L’écrivain inconnu (méconnu) dans un salon ou dans une
librairie vit l’expérience de la solitude du coureur de fond ou celle du gardien de but. L’exercice est difficile. Sourire mais sans insister de peur d’être racoleur, regarder mais sans insister de
peur d’être arrogant, dire bonjour mais par politesse et non par intérêt, bref la posture du cow-boy qui jette un lasso pour agripper sa proie ou pour poursuivre dans la métaphore tenter de ne pas
effrayer le chaland par une invite qui vous fait penser à la courtisane dans une devanture d’Amsterdam.
Parce que l’objectif est là.
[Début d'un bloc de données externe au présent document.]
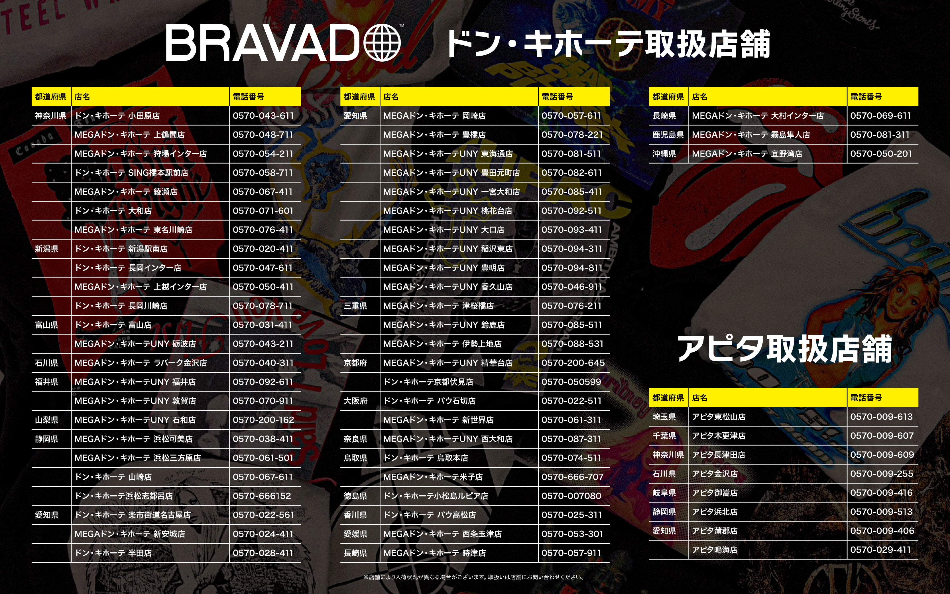 ドン・キホーテ、アピタ限定のBRAVADO アーティストのTシャツをこの機会にゲットしてください。
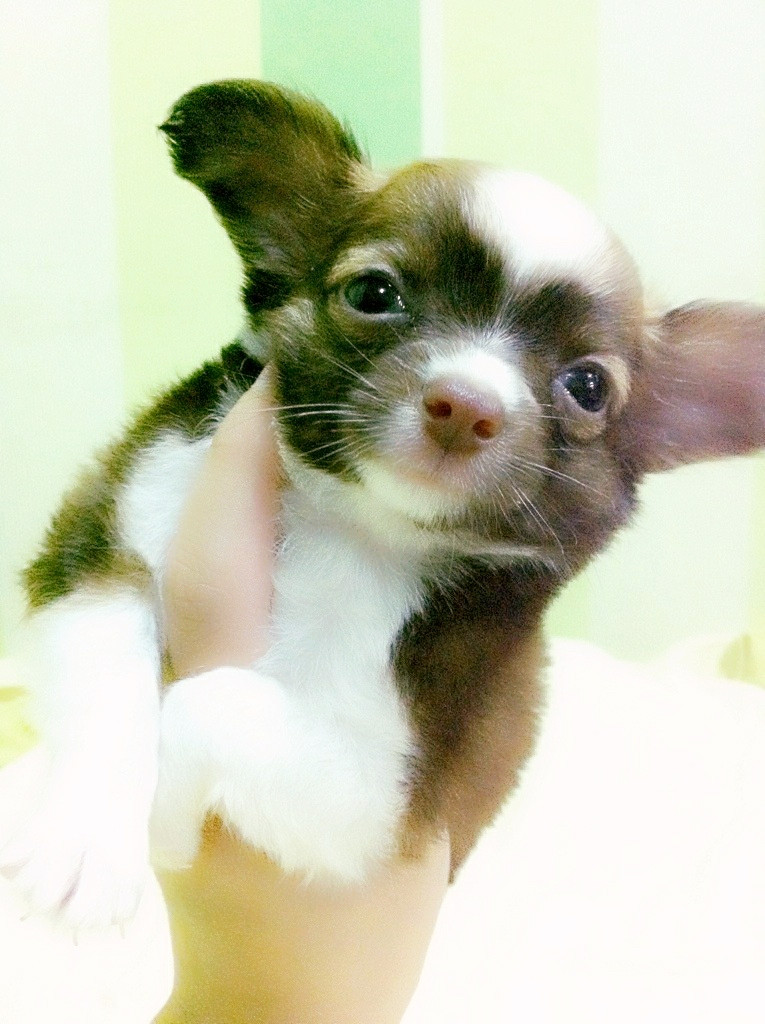 Chihuahuaสีขาวช๊อคโกแลตขนยาวเพศผู้ไซด์จิ๋วบริการจัดส่งคร้าบ
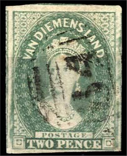 1856-57 no watermark 2d dull emerald-green (SG 20) used single, enormous margins on 3 sides showing portions of adjoining stamps, large to small (bottom right) along bottom margin, numeral cancel, very fine and scarce, ex Caspary and Robinson
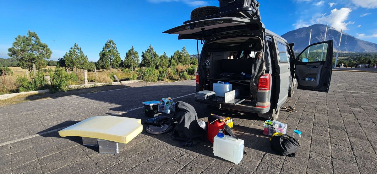 Wir entschliessen uns im Internet zu prüfen ob man den Eintritt auch online zahlen kann. Da wir keine Daten mehr haben holen wir das erste Mal unser neues Spielzeug «Starlink» hervor. In diesem Moment entdecken wir, dass der ganze Kofferraum inklusive Bett alles nass ist. Nein, es ist nicht die neue Wasserpumpe die Joos installiert hat – ein nicht ganz verschlossener Wassersack hat diese Sauerei verursacht. Wir räumen alles aus und versuchen, so viel wie möglich an der Sonne zu trocknen.
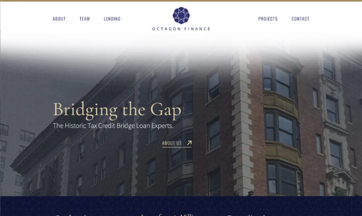 A private lender specializing in financing the restoration of historic buildings required a website restoration of its own. Featuring hundreds of project photos for renovations across the United States, Octagon Finance needed an easily navigable website design that communicated its lending prowess, national reach, and experience. Thus, our web designers produced a sleek and modern website that pays homage to the classic architectural structures this firm helps preserve.
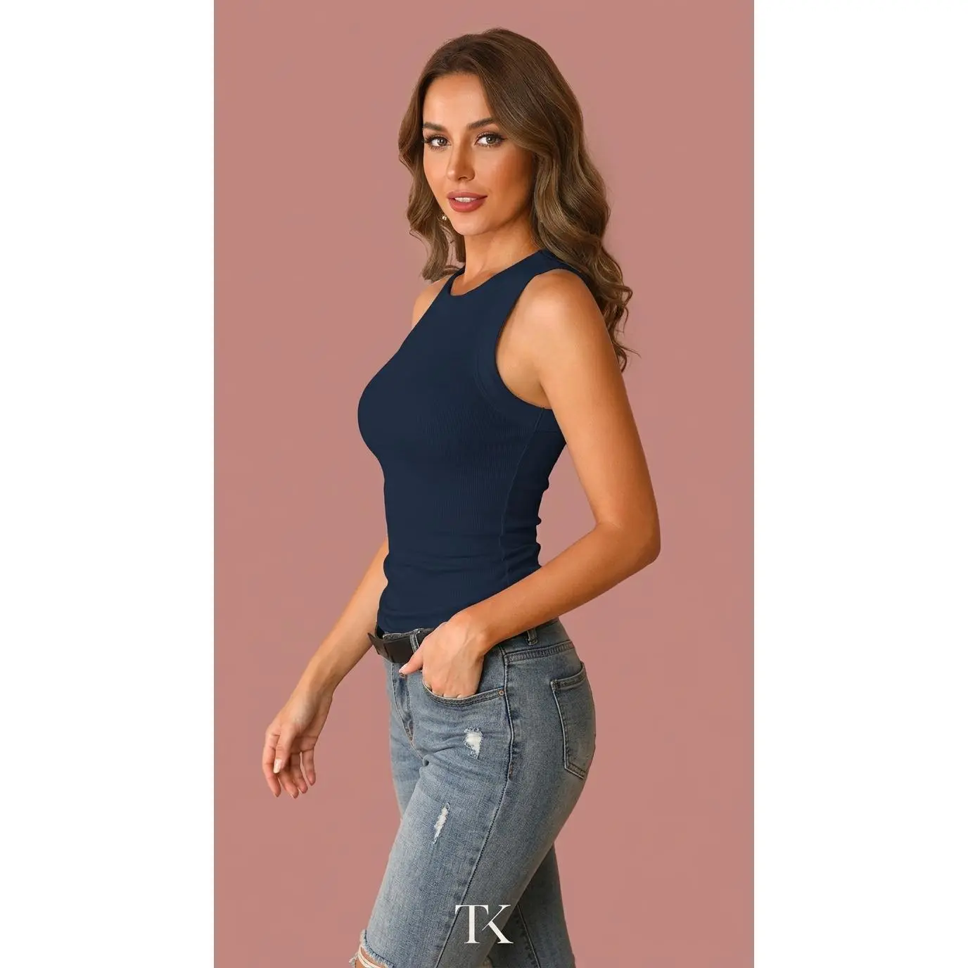 Serenade Ribbed Knit Tank Spring/Summer Solid Color Printed Round Neck Tank Top for Women
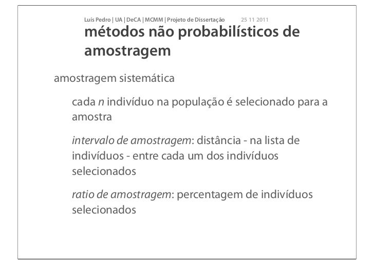 8. 8. Luís Pedro | UA | DeCA | MCMM | Projeto de Dissertação 25 11 2011 métodos não probabilísticos de amostragemamostragem sistemática cada n indivíduo na população é selecionado para a amostra intervalo de amostragem: distância - na lista de indivíduos - entre cada um dos indivíduos selecionados ratio de amostragem: percentagem de indivíduos selecionados
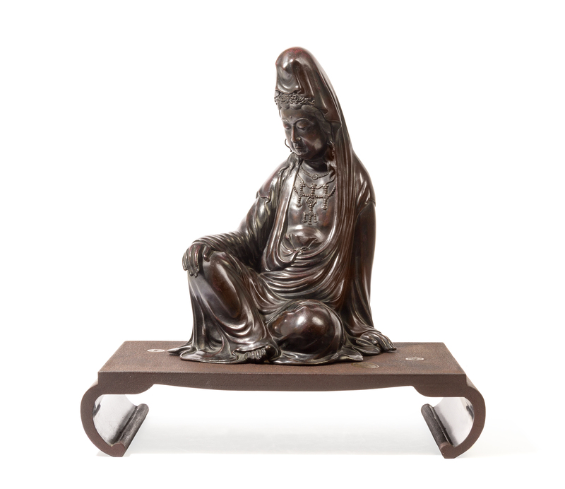 the figure depicted seated at ease with the right hand resting on the right knee, wearing draped robes and hood, the naked chest adorned with a beaded necklace suspending a pendant, raised on a rectangular hardwood stand.

Faire prendre votre « œuvre » dans la menotte d’un passant, l’inciter à lire la dernière de couverture où figure le résumé, et lui parler de vos mérites. Une opération
commerciale donc pour un produit qui n’a pas grand chose à voir avec un épluche patates fut-il sophistiqué.
Un couple s’est arrêté. Ils m’expliquent qu’ils n’osaient pas s’approcher de peur de ne pas oser refuser le livre si le sujet ne leur plaisait pas. Je les rassure. Les visiteurs effleurent le livre
ou ma présence du bout des yeux de peur d’accrocher.
C’est ainsi une occasion de grande humilité. Parce qu’au regard des colonnes de bouquin qui s’exposent sur chaque table ou les rangées énormes de livres au garde-à-vous sur les rayonnages, vous
vous apercevez très clairement qu’il n’y a vraiment aucune raison de venir vers vous et de vous acheter votre roman. Au milieu de ces milliers de livres, votre petit ouvrage se ratatine, devient
couleur de la nappe, et l’auteur se sent insignifiant ce qui est le comble pour quelqu’un qui aligne des signes sur la page blanche.
Quel intérêt d’avoir la signature d’un écrivain inconnu ?
Il me prend alors un désir fou d’être ailleurs, loin, seul.
Une journaliste m’interroge. Elle aime les livres, me conte son dégoût de voir la queue pour Musso et dix personnes pour Sepulveda. Cela me réconforte au fond, le succès n’est pas le signe du
talent. Mais l’insuccès non plus. Ne nous trouvons pas d’excuses du côté des poètes maudits.
Une lectrice s’arrête, feuillette quelques pages et me sourit. Cela suffit pour que je sente à nouveau le goût, le besoin du partage. Je dis lectrice, ce pourrait être aussi bien un lecteur, mais
ce sont les femmes qui constituent l’essentiel du public des salons.